In this respect, three major topics are addressed in this work. The first topic deals with the energy analysis of practical decoding systems. Therefore, a measurement setup is constructed and discussed which is able to perform real energy measurements for various decoders and codecs. The results are used to compare the energy efficiency such that optimal decoders can be found in state-of-the-art decoder devices and implementations.
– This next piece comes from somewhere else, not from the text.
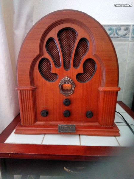 INTRON, RÁDIO - Modelo MA908, caixa em madeira folheada, com placa indentificativa "Intron Antique Collection", frequência AM-FM, potência 10W. Dim: 33x30x19cm.

The second topic addresses the modeling of this decoding energy. Therefore, the coded videos are analyzed for properties like resolution, bitrate, and employed compression tools. Then, the relation between these properties and the decoding energy is evaluated. As a result, it is shown that these properties can be used to accurately estimate the complete decoding energy of a given coded bit stream. In a practical application, these estimations can be used to give an early feedback on the remaining operating time of the device. Furthermore, these models can be used to determine the energy consumption that is related to certain compression tools. With this information, the energy efficiency of the tools can be compared.
Finally, the third topic deals with another application for such models. It is shown that they can be used to encode bit streams that consume less energy on the decoder side.
Therefore, an encoder is developed that takes the decoding energy as estimated by the models into account. As a result, it is shown that at the expense of a bitrate increase of 15%, the decoding energy can be reduced by 15% on average. Highest savings are shown to reach 25%.